**Task statement**
With pictures excluded, repeat exactly the lines from the one containing "2024 秋トップス パーカー" through the last line of the material below.

**Source data**
++++++++++++++++++++
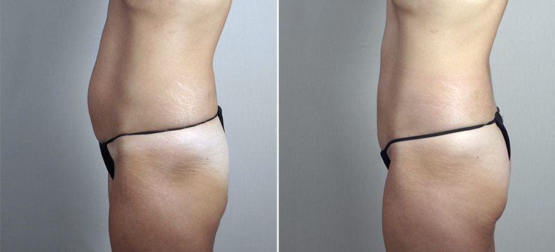 This 42 year old came in requesting improvement in the appearance of her abdomen after having 4 children. Though she had been heavy during her pregnancies, her weight has been stable more recently. She is 5′ 7″ and came in weighing 130 pounds. She was specifically bothered by her lower abdomen and fine with her upper abdomen. She competes as a bodybuilder and requested that her scar be as short and low as possible. After discussing a mini abdominoplasty with her, Dr. Parker subsequently performed the procedure, tightening the loose rectus abdominus muscles, removing skin from the lower abdomen and carefully closing the incision with multiple layers of dissolvable sutures to create a short, low, thin scar. The patient recovered rapidly afterwards, going on vacation to Jamaica 2 weeks after surgery. She loves the appearance of her abdomen and feels much more self confident.
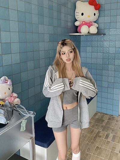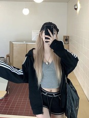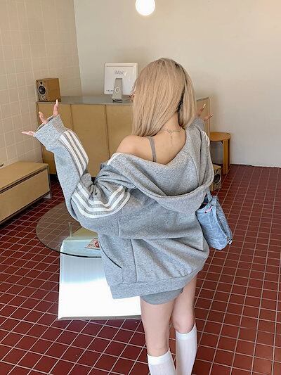 2024 秋トップス パーカー フード付き チャック 長袖 ストライプ ゆったり 細見え 秋 白 黒 おしゃれ かわいい ガーリー キュート 甘め 韓国ファッション レディース お出かけトラック
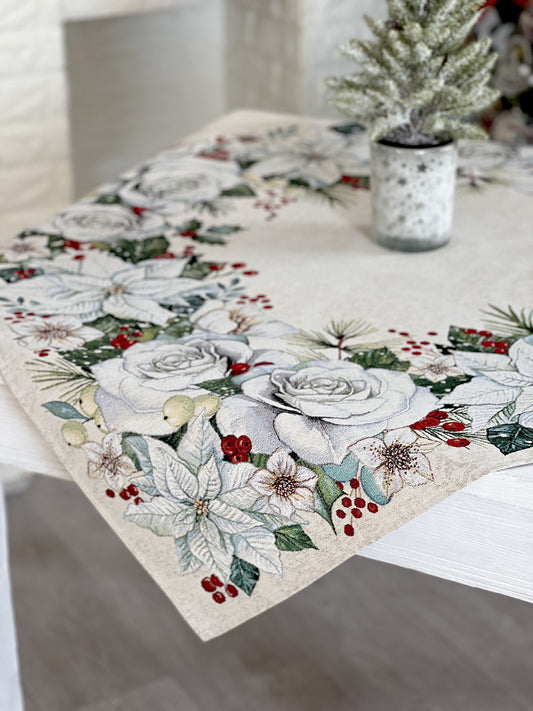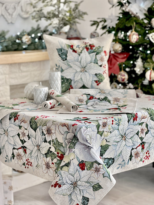 Christmas tapestry tablecloth «Christmas Flower» with silver thread
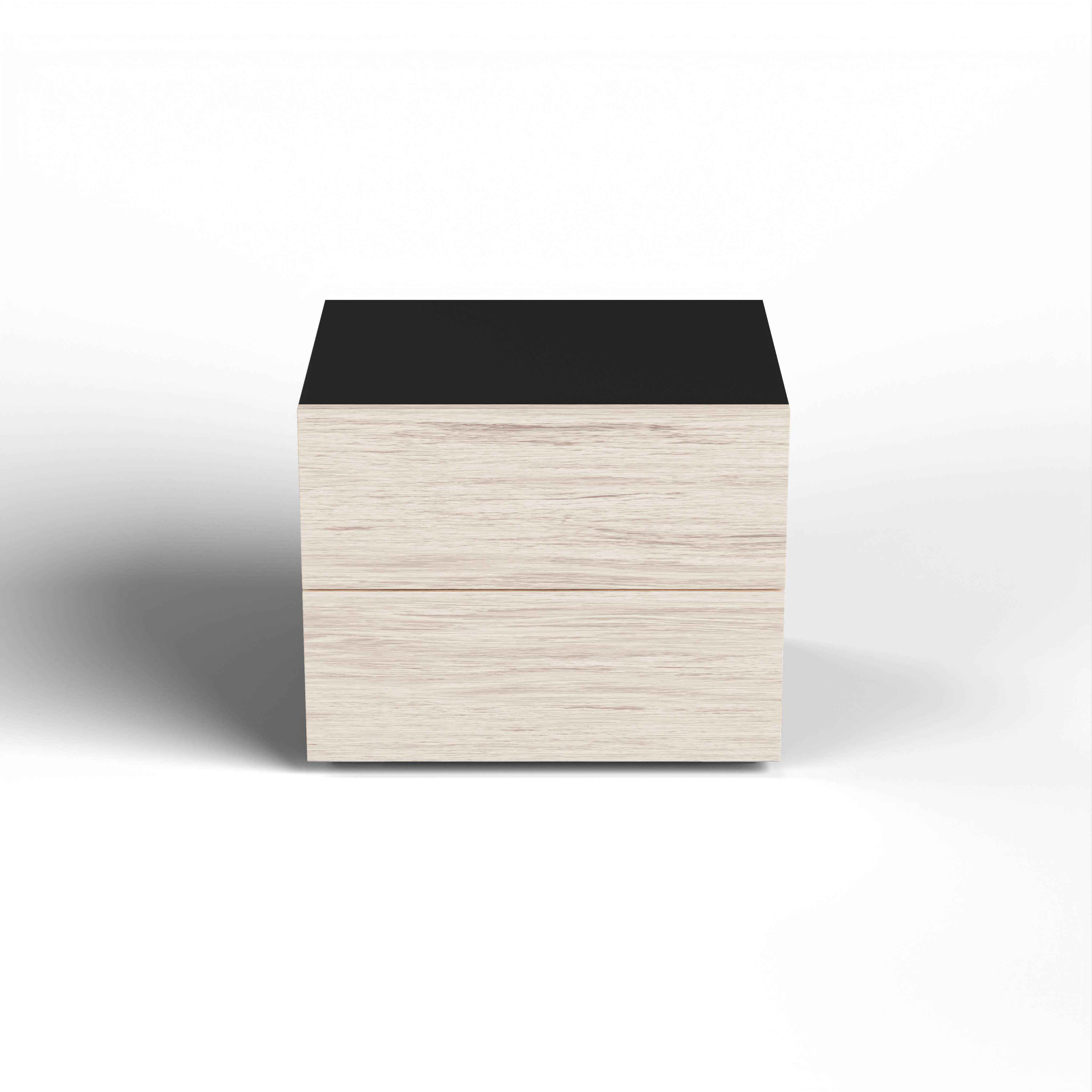 Dark Grey Post-Laminated Plywood Carcass; White Oak Post-Laminated Plywood Drawer Fascia
++++++++++++++++++++
**Task result**
 2024 秋トップス パーカー フード付き チャック 長袖 ストライプ ゆったり 細見え 秋 白 黒 おしゃれ かわいい ガーリー キュート 甘め 韓国ファッション レディース お出かけトラック
 Christmas tapestry tablecloth «Christmas Flower» with silver thread
 Dark Grey Post-Laminated Plywood Carcass; White Oak Post-Laminated Plywood Drawer Fascia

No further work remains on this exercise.